Large accelerated filer | x | Accelerated filer | ¨ | |
Non-accelerated filer | ¨ | Smaller reporting company | ¨ | |
Emerging growth company | ¨ |
If an emerging growth company, indicate by check mark if the registrant has elected not to use the extended transition period for complying with any new or revised financial accounting standards provided pursuant to Section 7(a)(2)(B) of the Securities Act. ¨
DEREGISTRATION OF SECURITIES
This Post-Effective Amendment (the “Post-Effective Amendment”) relates to Registration Statement No. 333-213803 (the “Registration Statement”) filed by Berry Global Group, Inc. (formerly known as Berry Plastics Group, Inc.) (“Berry”) with the Securities and Exchange Commission (the “SEC”) on September 26, 2016, registering 6,907,578 shares of common stock, par value $0.01 per share (the “Common Stock”), of Berry in connection with the acquisition of AEP Industries Inc., as amended by Amendment No. 1 to Registration Statement No. 333-213803, filed with the SEC on November 8, 2016, Amendment No. 2 to Registration Statement No. 333-213803, filed with the SEC on December 9, 2016, and Amendment No. 3 to Registration Statement No. 333-213803, filed with the SEC on December 15, 2016.
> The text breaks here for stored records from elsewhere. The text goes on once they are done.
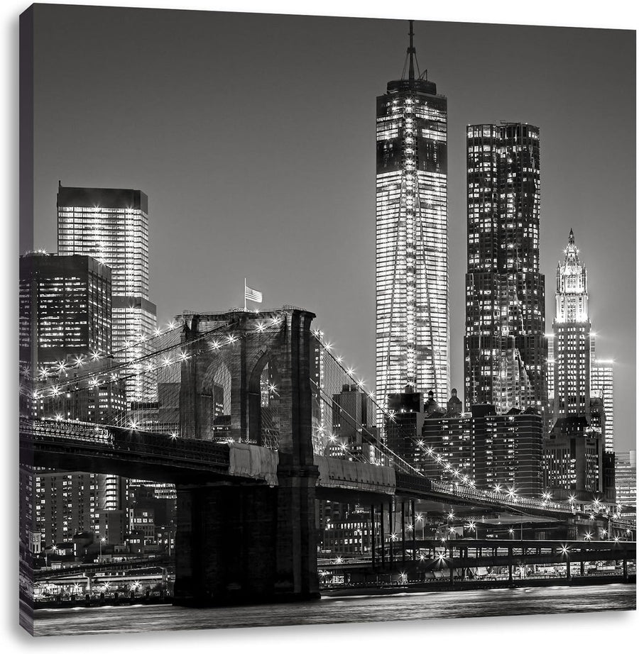Pixxprint New York City Skyline Brücke bei Nacht, Format: 70x70 auf Leinwand, 70x70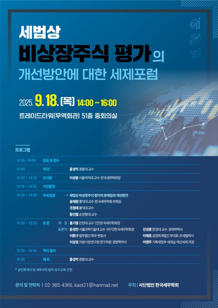 세법상 비상장주식 평가의 개선방안에 대한 세제포럼 개최 안내 한국세무학회_ 0 364 2025.09.03 12:20 첨부파일 - 첨부파일: 포스터.jpg (304.1K) 0 2025-09-10 13:26:20 목록 본문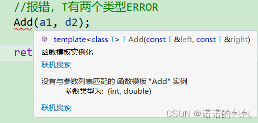 但是,假如我们这里Add(a1,d2),此时就会报错,因为编译器根据a1的类型推演T的类型为int,但是由于d2的类型为double,所以编译器推演T的类型为double,而一个T怎么可能会有两个类型,所以会报错(编译器也很懵逼,这个T到底是int,还是double???)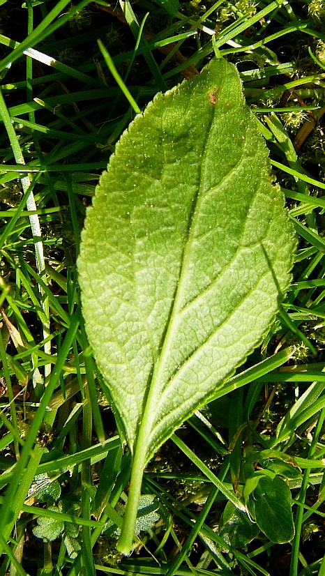 Frucht klein (1,5 - 3 cm), rundlich, blau mit rotem Saft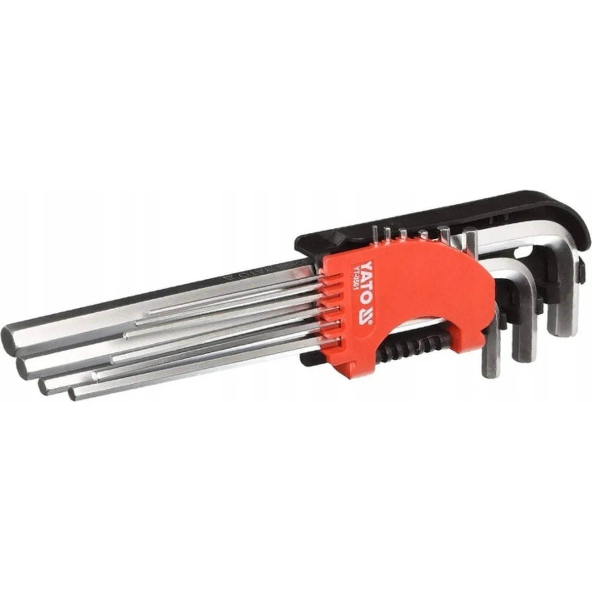 Набор торцовых удлиненных ключей YATO HEX 1,5-10 мм, CV, 9 предметов, кассета YT-0501 применяются для работы с крепежом внутреннего шестигранного рабочего профиля. Ключи позволяют прилагать высокие крутящие моменты при использовании длинной части инструмента в качестве рукоятки. Инструменты изготовлены из легированной хромованадиевой стали, по технологии, позволяющей применять высокие нагрузки. Инструменты станут прекрасным помощником как в профессиональной деятельности, так и в быту. Для удобства использования и транспортировки набор поставляется в пластиковой кассете.

On April 30, 2025, pursuant to the Agreement and Plan of Merger, dated as of November 19, 2024 (the “Merger Agreement”), by and among Amcor plc (“Amcor”), Aurora Spirit, Inc., a wholly-owned subsidiary of Amcor (“Merger Sub”), and Berry, Merger Sub merged with and into Berry, with Berry surviving as a wholly-owned subsidiary of Amcor.
As a result of the transactions contemplated by the Merger Agreement, Berry has terminated all of the offerings and sales of Berry’s securities pursuant to the Registration Statement. In accordance with the undertakings made by Berry in the Registration Statement to remove from registration, by means of a post-effective amendment, any of the securities of Berry registered under the Registration Statement which remain unsold at the termination of the offering, Berry hereby removes from registration, by means of this Post-Effective Amendment, all of the securities of Berry registered under the Registration Statement that remain unsold as of the date of this Post-Effective Amendment, if any. The Registration Statement is hereby amended, as appropriate, to reflect the deregistration of such securities, and Berry hereby terminates the effectiveness of the Registration Statement.
SIGNATURES
Pursuant to the requirements of the Securities Act of 1933, as amended, Berry has duly caused this Post-Effective Amendment to the Registration Statement described above to be signed on its behalf by the undersigned, thereunto duly authorized, in the City of Evansville, State of Indiana, on the 30th day of April, 2025.
Berry Global Group, Inc. | |
/s/ Michael J. Rumley | |
By: Michael J. Rumley | |
Title: Treasurer |
No other person is required to sign this Post-Effective Amendment to the Registration Statement in reliance upon Rule 478 under the Securities Act of 1933, as amended.